+++ Material to process

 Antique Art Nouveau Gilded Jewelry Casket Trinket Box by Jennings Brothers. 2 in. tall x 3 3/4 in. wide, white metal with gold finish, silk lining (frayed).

++++++
+++ Material to process

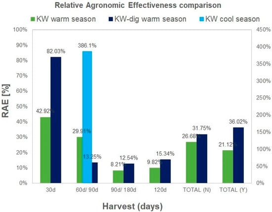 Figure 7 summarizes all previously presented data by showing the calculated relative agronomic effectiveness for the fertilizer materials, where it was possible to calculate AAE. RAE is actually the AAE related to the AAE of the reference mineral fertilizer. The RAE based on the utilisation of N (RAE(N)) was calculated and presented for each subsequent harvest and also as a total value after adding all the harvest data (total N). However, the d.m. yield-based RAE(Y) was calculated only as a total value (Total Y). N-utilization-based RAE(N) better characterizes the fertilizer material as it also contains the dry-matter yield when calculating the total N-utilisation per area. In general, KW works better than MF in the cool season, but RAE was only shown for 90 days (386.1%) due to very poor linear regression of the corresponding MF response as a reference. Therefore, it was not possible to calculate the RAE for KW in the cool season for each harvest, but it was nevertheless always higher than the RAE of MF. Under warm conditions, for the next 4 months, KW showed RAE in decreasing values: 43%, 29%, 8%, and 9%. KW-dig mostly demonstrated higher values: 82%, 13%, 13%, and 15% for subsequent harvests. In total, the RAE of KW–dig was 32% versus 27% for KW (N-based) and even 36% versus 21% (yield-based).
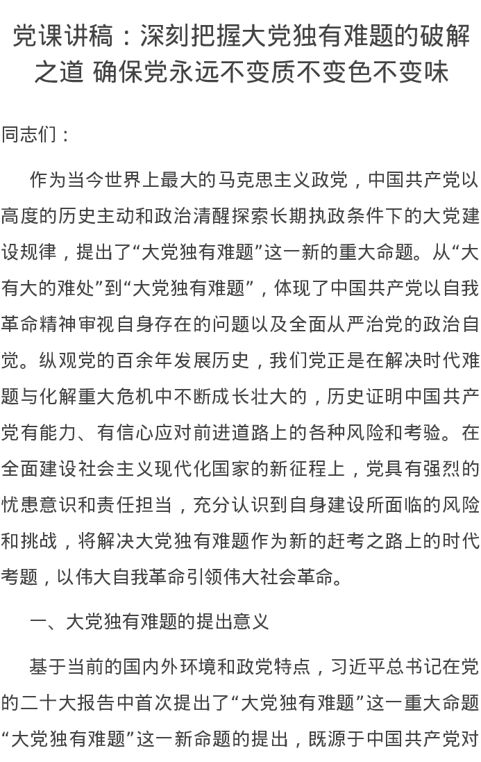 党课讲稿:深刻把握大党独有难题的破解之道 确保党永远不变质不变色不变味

++++++

Required action: Above are some records. Output exactly the lines from the one that contains "Figure 7 summarizes" to the one that contains "党课讲稿:深刻把握大党独有难题的破解之道 确保党永远不变质不变色不变味", keeping both, and omit the pictures.

Answer box:
 Figure 7 summarizes all previously presented data by showing the calculated relative agronomic effectiveness for the fertilizer materials, where it was possible to calculate AAE. RAE is actually the AAE related to the AAE of the reference mineral fertilizer. The RAE based on the utilisation of N (RAE(N)) was calculated and presented for each subsequent harvest and also as a total value after adding all the harvest data (total N). However, the d.m. yield-based RAE(Y) was calculated only as a total value (Total Y). N-utilization-based RAE(N) better characterizes the fertilizer material as it also contains the dry-matter yield when calculating the total N-utilisation per area. In general, KW works better than MF in the cool season, but RAE was only shown for 90 days (386.1%) due to very poor linear regression of the corresponding MF response as a reference. Therefore, it was not possible to calculate the RAE for KW in the cool season for each harvest, but it was nevertheless always higher than the RAE of MF. Under warm conditions, for the next 4 months, KW showed RAE in decreasing values: 43%, 29%, 8%, and 9%. KW-dig mostly demonstrated higher values: 82%, 13%, 13%, and 15% for subsequent harvests. In total, the RAE of KW–dig was 32% versus 27% for KW (N-based) and even 36% versus 21% (yield-based).
 党课讲稿:深刻把握大党独有难题的破解之道 确保党永远不变质不变色不变味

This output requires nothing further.